ZFS_DBGMSG(zdb) START:
spa.c:6098:spa_import(): spa_import: importing bigone
spa_misc.c:418:spa_load_note(): spa_load(bigone, config trusted): LOADING
spa_misc.c:418:spa_load_note(): spa_load(bigone, config untrusted): vdev tree has 1 missing top-level vdevs.
spa_misc.c:418:spa_load_note(): spa_load(bigone, config untrusted): current settings allow for maximum 0 missing top-level vdevs at this stage.
spa_misc.c:403:spa_load_failed(): spa_load(bigone, config untrusted): FAILED: unable to open vdev tree [error=2]
vdev.c:212:vdev_dbgmsg_print_tree(): vdev 0: root, guid: 18208768974987298556, path: N/A, can't open
vdev.c:212:vdev_dbgmsg_print_tree(): vdev 0: raidz, guid: 1389112146403432605, path: N/A, can't open
vdev.c:212:vdev_dbgmsg_print_tree(): vdev 0: disk, guid: 6576567205135368536, path: /dev/disk/by-id/ata-ST4000VN008-2DR166_ZDHAX6MF-part1, can't open
vdev.c:212:vdev_dbgmsg_print_tree(): vdev 1: disk, guid: 11223351249977905860, path: /dev/sdb1, healthy
vdev.c:212:vdev_dbgmsg_print_tree(): vdev 2: disk, guid: 18406418524549592766, path: /dev/disk/by-id/ata-ST4000VN008-2DR166_ZDHAHMJG-part1, can't open
vdev.c:212:vdev_dbgmsg_print_tree(): vdev 3: disk, guid: 12249813091560993336, path: /dev/disk/by-id/ata-ST4000VN008-2DR166_ZGY97GD3-part1, can't open
vdev.c:212:vdev_dbgmsg_print_tree(): vdev 4: disk, guid: 16845159498843104203, path: /dev/disk/by-id/ata-ST4000VN006-3CW104_ZW60896Z-part1, healthy
vdev.c:212:vdev_dbgmsg_print_tree(): vdev 5: disk, guid: 3727851619167910069, path: /dev/disk/by-id/ata-ST4000VN006-3CW104_ZW6088TR-part1, healthy
vdev.c:212:vdev_dbgmsg_print_tree(): vdev 6: disk, guid: 14363383109377104818, path: /dev/disk/by-id/ata-ST4000VN008-2DR166_ZDHAH42Q-part1, can't open
vdev.c:212:vdev_dbgmsg_print_tree(): vdev 7: disk, guid: 6356202158419617414, path: /dev/disk/by-id/ata-ST4000VN008-2DR166_ZDHAX86T-part1, can't open
spa_misc.c:418:spa_load_note(): spa_load(bigone, config untrusted): UNLOADING
ZFS_DBGMSG(zdb) END
But the fdisk -l showed the partitions existed!?!
Then ls -la /dev/disk/by-id/ showed that the partitions weren't showing up in the device tree?!

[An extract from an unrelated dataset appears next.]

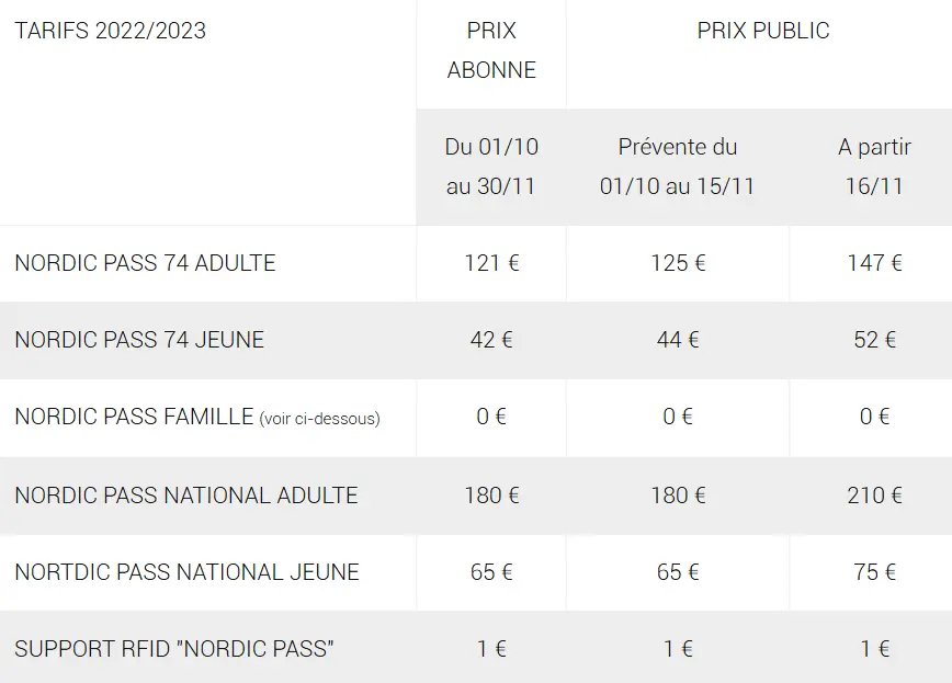 Pass famille : Pour l'achat, au sein d'une même famille de 3 pass dont au moins 1 adulte,  les 4ème, 5ème... Nordic pass jeune sont offerts.
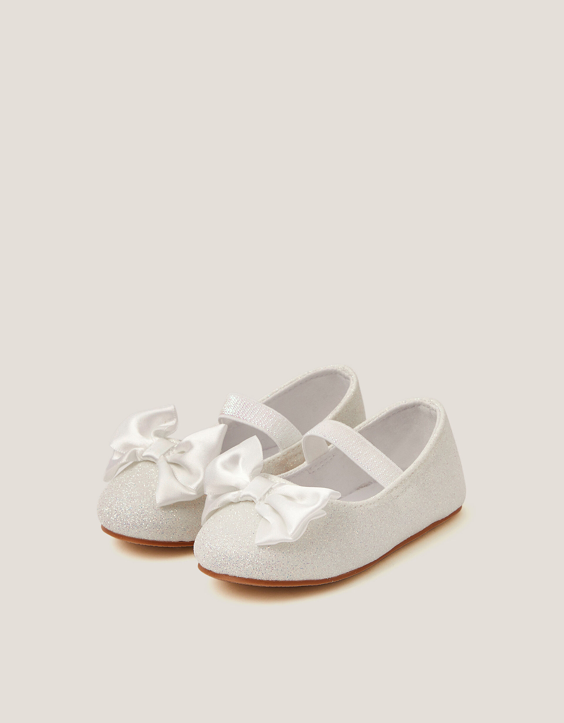Make their first steps sparkle. Perfect for special occasions and parties, these walkers are sprinkled with glitter and topped with a ribbon bow. Finished with a stretchy top strap for keeping their wriggly toes in place. Ivory

After some searching, I found it could have been related to udev function in systemd.
udevadm test --action=add /sys/class/block/sd*
I believe this posts a message to udev which wakes things up? (someone confirm to me?)
Then I did partprobe and it recreated the symlinks in the dev tree for the missing partitions. Partprobe alone didn't seem to recover things, but using udevadm before it definitely helped.

pool: bigone
state: ONLINE
scan: scrub in progress since Mon May 8 01:24:08 2023
250G scanned at 9.98G/s, 2.14M issued at 87.8K/s, 6.13T total
0B repaired, 0.00% done, no estimated completion time
config:

NAME STATE READ WRITE CKSUM
bigone ONLINE 0 0 0
raidz2-0 ONLINE 0 0 0
ata-ST4000VN008-2DR166_ZDHAX6MF ONLINE 0 0 0
ata-ST4000VN006-3CW104_ZW60BY21 ONLINE 0 0 0
ata-ST4000VN008-2DR166_ZDHAHMJG ONLINE 0 0 0
ata-ST4000VN008-2DR166_ZGY97GD3 ONLINE 0 0 0
ata-ST4000VN006-3CW104_ZW60896Z ONLINE 0 0 0
ata-ST4000VN006-3CW104_ZW6088TR ONLINE 0 0 0
ata-ST4000VN008-2DR166_ZDHAH42Q ONLINE 0 0 0
ata-ST4000VN008-2DR166_ZDHAX86T ONLINE 0 0 0

errors: No known data errors

If anyone knows what the root cause of this is, I'd appreciate it! Because next time the server reboots I don't want to do this again.
 

CyklonDX

Well-Known Member
Nov 8, 2022
819
267
63
Just to confirm you didn't use your mellanox card for jbod to those storage devices?

I do recall issues after flashing intel x540 with fcoe firmware, (i havve 2 lsi controllers, internal and external) the 2nd lsi controller after reboot went up and vanished during lsi utility post in really odd way. I had to do a cold boot (the disks still do not show in lsi post utility (only within the utility) ever since the disks original sdX names changed to scsi names.
1683598671475.png
(zfs3 and zfs4 are on same backplane and same controller, zfs4 were added after, i could not get the proper names back anymore - i haen't messed a lot with it - and it works, so i left it)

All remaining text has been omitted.